**Exercise requirements**
Drop every image and restate the entries below word for word.

(Items listed in a dataset)
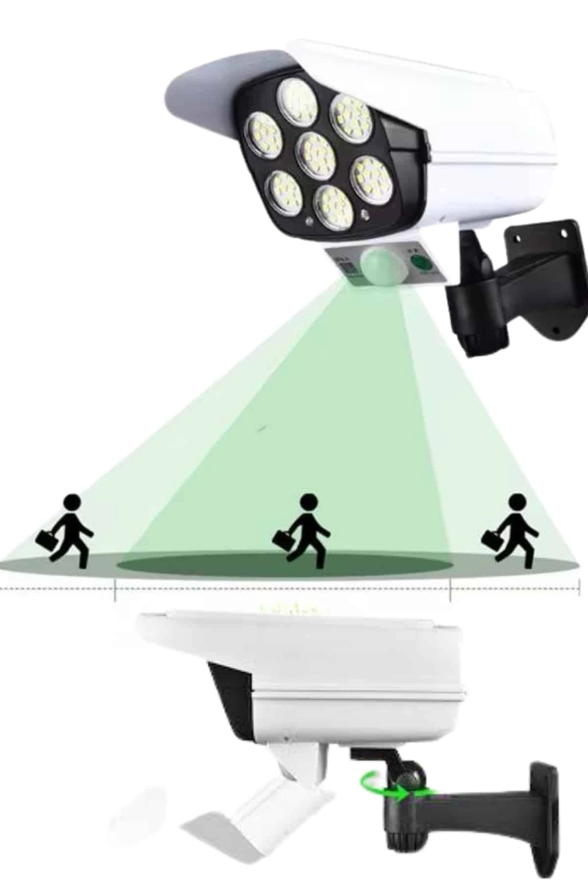 Bu güneş enerjili güvenlik ışığı, çevre dostu tasarımı ve pratik kullanımı ile hem güvenlik hem de dekoratif amaçlarla ideal bir çözümdür. Hem kamera görünümü hırsızları caydırma etkisi yaratır hem de bahçeniz için güçlü bir aydınlatma sunar. Dahili PIR hareket sensörü, 10 ila 20 feet mesafede hareketi algılayarak gece boyunca ışığın otomatik olarak yanmasını sağlar. Bu özellik, evinizin etrafındaki alanları güvenli hale getirir. Güneş paneli, güneş ışığını emerek şarj olur ve ışığın enerji ihtiyacını karşılar, böylece elektrik tüketimi ve çevreye olan etkisi minimuma iner. Pil kapasitesiyle de, düşük ışık modunda bile yaklaşık 40 saate kadar çalışma süresi sunar. Kurulumu oldukça basittir ve güneş paneli ve ışık kaynağının yönü 5 eksenli rotasyon sayesinde rahatça ayarlanabilir, böylece istediğiniz alanı verimli bir şekilde aydınlatabilirsiniz. IP66 su geçirmezlik standardına sahip olması, ürünün yağmur, kar gibi dış hava koşullarında bile dayanıklı olmasını sağlar. Bu ışık, güvenlik ihtiyacınızı karşılamakla kalmaz, aynı zamanda dış mekanlarınızı şık bir şekilde aydınlatarak, bahçeniz, verandanız, garajınız ya da yol kenarlarınıza es bir görünüm kazandırır.
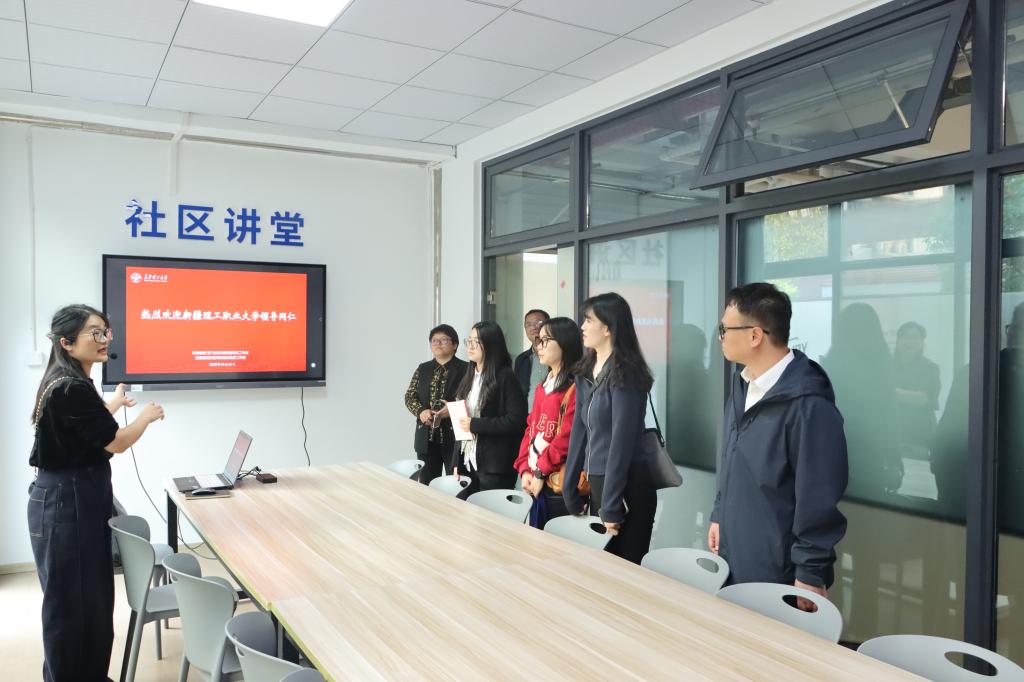 为加强高校思想政治工作经验互鉴,共同探索新时代立德树人的有效路径,10月24日下午,新疆理工职业大学党委学生工作部(学生处)相关负责人常徕一行7人来我校,就“一站式”学生社区建设工作进行考察交流。我校学工部副部长黄阿明、“一站式”学生社区综合服务中心主任郭梅等全程陪同。
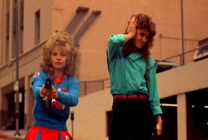 Now the problems have been ironed out, it's possible to see Night of the Comet legitimately and those nostalgic feelings are well and truly validated: how more eighties can a movie be that starts with a man haggling over the price of a pair of deeley boppers? He wants them so he can look like a tit as the latest comet flies by the planet and everyone celebrates, but what nobody knows is that in The Day of the Triffids-style, being exposed to the, er, cosmic rays or whatever will reduce you to a fine red dust. Luckily for teenage sisters Catherine Mary Stewart and Kelli Maroney, they happened to be sheltered from the effects, the former because she was having a liaison with her deadbeat cinema projectionist boyfriend in the steel (for safety) booth.
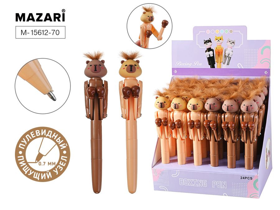 Ручка сувенирная шариковая синяя 0,7мм Boxing Capybara ассорти MAZARI M-15612-70
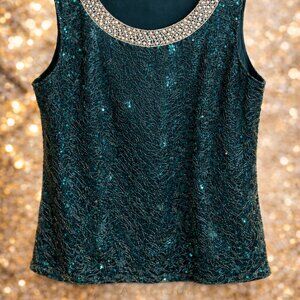 Add sparkle to your wardrobe with this gorgeous emerald green sleeveless tank from NY Collection. Featuring a sequin overlay and delicate lace detailing with an embellished, banded neckline, this top is perfect for evenings out, holiday parties, or any occasion that calls for a little shimmer.
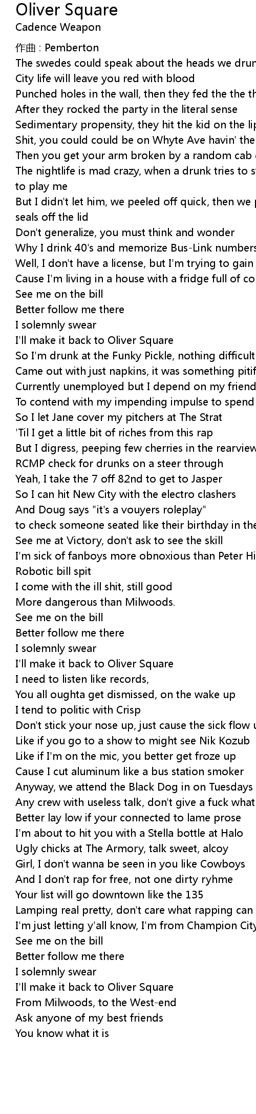 | Shit, you could could be on Whyte Ave havin' the time of your life | |
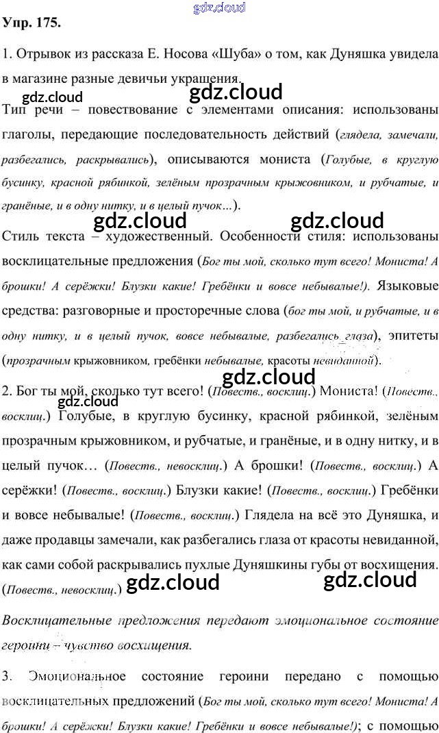 Ответ на задание 175 Учебник Русский язык за 8 (восьмой) класс Быстрова, Кибирева, Воителева Инновационная школа 2019 Часть 1, 2
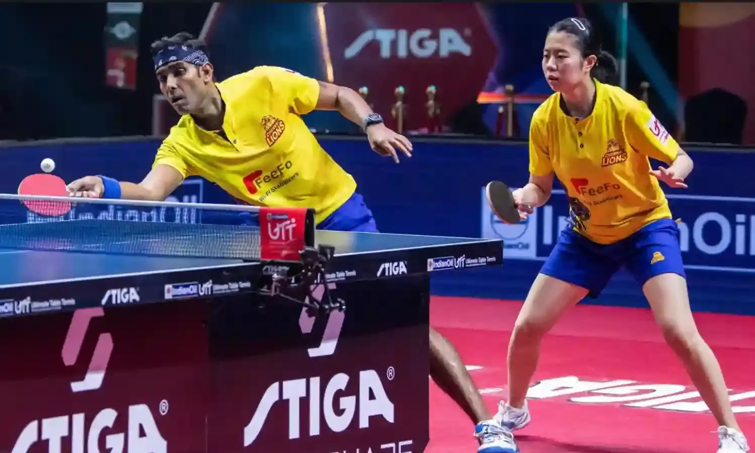 Achanta Sharath Kamal and Yangzi Liu in action for Chennai Lions (UTT)
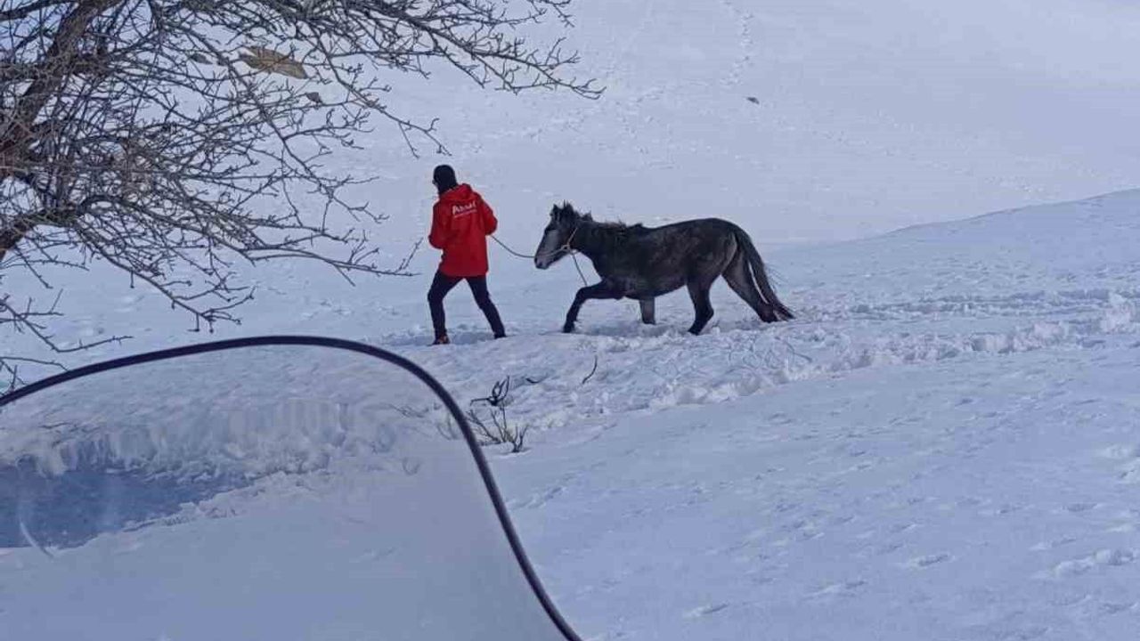 Bingöl'de dağda karlar arasında mahsur kalan ve kurt saldırısına uğrayarak yaralanan at, AKUT Bingöl ekibi tarafından kurtarıldı.
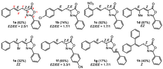 However, analysis of the NMR data in toluene-d8 of 1a–1c (Figures S1–S16) and 1f–1g (Figures S31–S45) showed the presence of a mixture of two isomers in 3.3/1 to 1.7/1 molar ratios, depending on the oxazolone. Two sets of signals assigned to the protons of the -C3’(H)=C2’(H)-C1’(H)=C4 fragment were observed, with 3JH3’H2’ values identical in the two isomers (15.7 Hz), suggesting an E configuration of the C3’=C2’ double bond in both isomers. As expected, the large 3JH1’H2’ value (11.6 Hz) suggests the formation of the s-trans rotamer of the diene system. Thus, the source of isomerism in these oxazolones must be located in the relative disposition of the oxazolone ring with respect to the C1’=C4 bond. The proton-coupled 13C NMR spectrum of 1a showed the presence of two doublet peaks assigned to the CO group. The major species showed a value of the coupling constant 3JCH = 4.2 Hz. According to previous reports [42,43], this suggests that the C1’=C4 bond has a Z-configuration; therefore, the major isomer of the oxazolone is EZ. As expected, in the minor isomer, this value was 3JCH = 11.6 Hz, suggesting an E-configuration for this bond and that the oxazolone is EE.
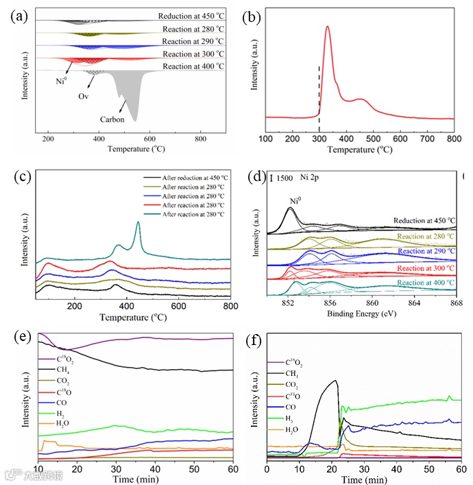 图3 不同反应温度下的Ni/ZrO2的CO2-TPO(a)、O-TPD(b)、原位XPS的Ni 2p(c)和Ni/ZrO2催化剂的H2-TPR结果;(e)C18O2重整甲烷反应实验结果;(f) C18O2重整甲烷反应实验后,CO2重整甲烷的结果。

**Problem solution**
 Bu güneş enerjili güvenlik ışığı, çevre dostu tasarımı ve pratik kullanımı ile hem güvenlik hem de dekoratif amaçlarla ideal bir çözümdür. Hem kamera görünümü hırsızları caydırma etkisi yaratır hem de bahçeniz için güçlü bir aydınlatma sunar. Dahili PIR hareket sensörü, 10 ila 20 feet mesafede hareketi algılayarak gece boyunca ışığın otomatik olarak yanmasını sağlar. Bu özellik, evinizin etrafındaki alanları güvenli hale getirir. Güneş paneli, güneş ışığını emerek şarj olur ve ışığın enerji ihtiyacını karşılar, böylece elektrik tüketimi ve çevreye olan etkisi minimuma iner. Pil kapasitesiyle de, düşük ışık modunda bile yaklaşık 40 saate kadar çalışma süresi sunar. Kurulumu oldukça basittir ve güneş paneli ve ışık kaynağının yönü 5 eksenli rotasyon sayesinde rahatça ayarlanabilir, böylece istediğiniz alanı verimli bir şekilde aydınlatabilirsiniz. IP66 su geçirmezlik standardına sahip olması, ürünün yağmur, kar gibi dış hava koşullarında bile dayanıklı olmasını sağlar. Bu ışık, güvenlik ihtiyacınızı karşılamakla kalmaz, aynı zamanda dış mekanlarınızı şık bir şekilde aydınlatarak, bahçeniz, verandanız, garajınız ya da yol kenarlarınıza es bir görünüm kazandırır.
 为加强高校思想政治工作经验互鉴,共同探索新时代立德树人的有效路径,10月24日下午,新疆理工职业大学党委学生工作部(学生处)相关负责人常徕一行7人来我校,就“一站式”学生社区建设工作进行考察交流。我校学工部副部长黄阿明、“一站式”学生社区综合服务中心主任郭梅等全程陪同。
 Now the problems have been ironed out, it's possible to see Night of the Comet legitimately and those nostalgic feelings are well and truly validated: how more eighties can a movie be that starts with a man haggling over the price of a pair of deeley boppers? He wants them so he can look like a tit as the latest comet flies by the planet and everyone celebrates, but what nobody knows is that in The Day of the Triffids-style, being exposed to the, er, cosmic rays or whatever will reduce you to a fine red dust. Luckily for teenage sisters Catherine Mary Stewart and Kelli Maroney, they happened to be sheltered from the effects, the former because she was having a liaison with her deadbeat cinema projectionist boyfriend in the steel (for safety) booth.
 Ручка сувенирная шариковая синяя 0,7мм Boxing Capybara ассорти MAZARI M-15612-70
 Add sparkle to your wardrobe with this gorgeous emerald green sleeveless tank from NY Collection. Featuring a sequin overlay and delicate lace detailing with an embellished, banded neckline, this top is perfect for evenings out, holiday parties, or any occasion that calls for a little shimmer.
 | Shit, you could could be on Whyte Ave havin' the time of your life | |
 Ответ на задание 175 Учебник Русский язык за 8 (восьмой) класс Быстрова, Кибирева, Воителева Инновационная школа 2019 Часть 1, 2
 Achanta Sharath Kamal and Yangzi Liu in action for Chennai Lions (UTT)
 Bingöl'de dağda karlar arasında mahsur kalan ve kurt saldırısına uğrayarak yaralanan at, AKUT Bingöl ekibi tarafından kurtarıldı.
 However, analysis of the NMR data in toluene-d8 of 1a–1c (Figures S1–S16) and 1f–1g (Figures S31–S45) showed the presence of a mixture of two isomers in 3.3/1 to 1.7/1 molar ratios, depending on the oxazolone. Two sets of signals assigned to the protons of the -C3’(H)=C2’(H)-C1’(H)=C4 fragment were observed, with 3JH3’H2’ values identical in the two isomers (15.7 Hz), suggesting an E configuration of the C3’=C2’ double bond in both isomers. As expected, the large 3JH1’H2’ value (11.6 Hz) suggests the formation of the s-trans rotamer of the diene system. Thus, the source of isomerism in these oxazolones must be located in the relative disposition of the oxazolone ring with respect to the C1’=C4 bond. The proton-coupled 13C NMR spectrum of 1a showed the presence of two doublet peaks assigned to the CO group. The major species showed a value of the coupling constant 3JCH = 4.2 Hz. According to previous reports [42,43], this suggests that the C1’=C4 bond has a Z-configuration; therefore, the major isomer of the oxazolone is EZ. As expected, in the minor isomer, this value was 3JCH = 11.6 Hz, suggesting an E-configuration for this bond and that the oxazolone is EE.
 图3 不同反应温度下的Ni/ZrO2的CO2-TPO(a)、O-TPD(b)、原位XPS的Ni 2p(c)和Ni/ZrO2催化剂的H2-TPR结果;(e)C18O2重整甲烷反应实验结果;(f) C18O2重整甲烷反应实验后,CO2重整甲烷的结果。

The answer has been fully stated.